For now I have everything wired to spec except for the 1/8 plug. I have the negative from speaker going directly to breadboard instead of through 1/8 jack first. One lead from my switch is also not connected to the 1/8 plug. I assume this should be fine to test the 1/4 plug for sound.

Here is the problem

My led wont light up right away and only really does when I play the guitar. Every time I pluck some strings it lights up a little but then dims down when I stop strumming.

The other problem is that I have a lot of feedback all the time. Just turning the system on gives noise out of the speaker. I turn the pot down and it does go quieter but not really. This all happens with and with out a guitar hooked up. When a guitar is hooked up, the sound of playing is heard through the speaker but barely and is accompanied by the same unwanted noise as when no guitar is hooked up.
Any ideas?
also just to be clear the only differences in parts is:
1k 1/2 watt instead of 1/4 watt
all caps are 16 v except the 10 microFarad is 50v and the 4.7 microFarad is 25v. Could any of these parts be of fault?
Hi again

I have success. I came to the conclusion that the breadboard itself was presenting me with problems. There are many ways for wires to be loose and I believe a lot of my feedback was caused some how as well.
I assembled everything on a circuit board and have no problems at all.

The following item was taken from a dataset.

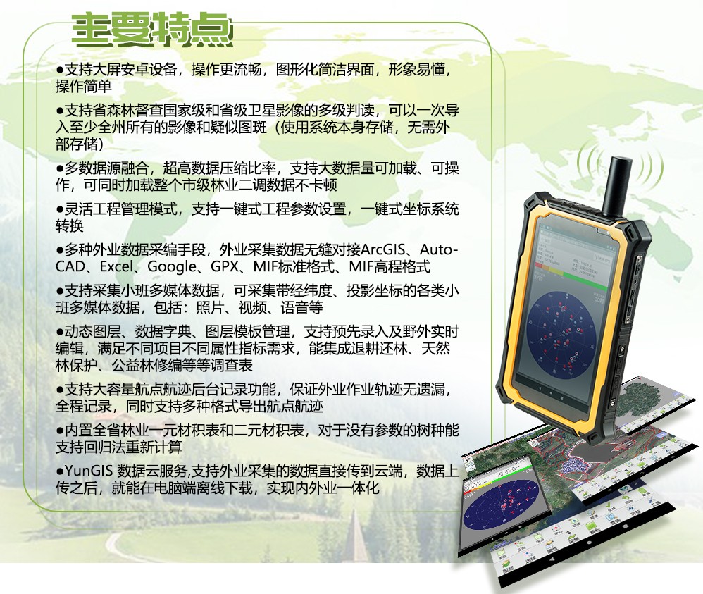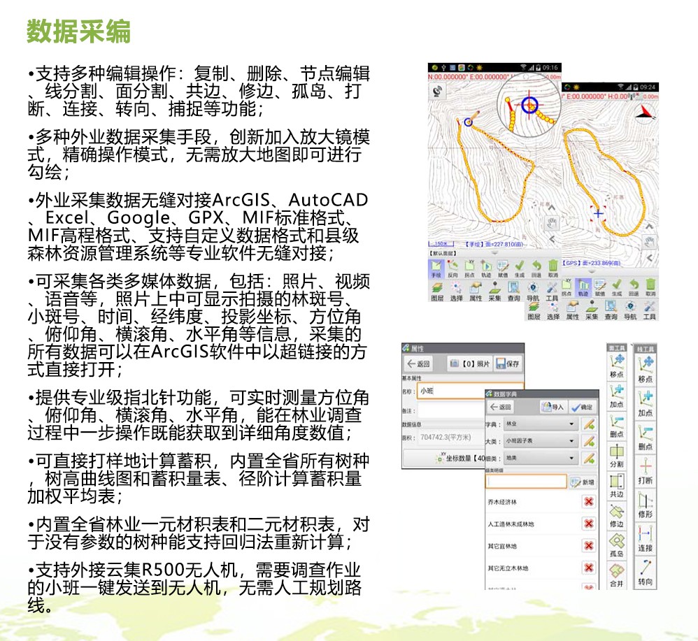 ?外業(yè)采集數(shù)據(jù)無縫對接ArcGIS、AutoCAD、Excel、Google、GPX、MIF標(biāo)準(zhǔn)格式、MIF高程格式、支持自定義數(shù)據(jù)格式和縣級森林資源管理系統(tǒng)等專業(yè)軟件無縫對接;

My led works all the time. There must have been loose connections on the breadboard.

I get no feedback anymore either. I know a breadboard can cause unwanted capacitance so maybe this was to blame.

Anyhow this was a great instuctable. I learned a lot on this build. Thanks you very much for your time.
I hope I am not breaking any rules by leaving such long posts and hope someone else can learn from them.
mattglas1 year ago
I spend 20$ on this and the first time i turned it on and it started smoking.
Must have done something wrong
Selmerman1 year ago
What does +9v to circuit mean on the diagram. We're does the wire go from the switch?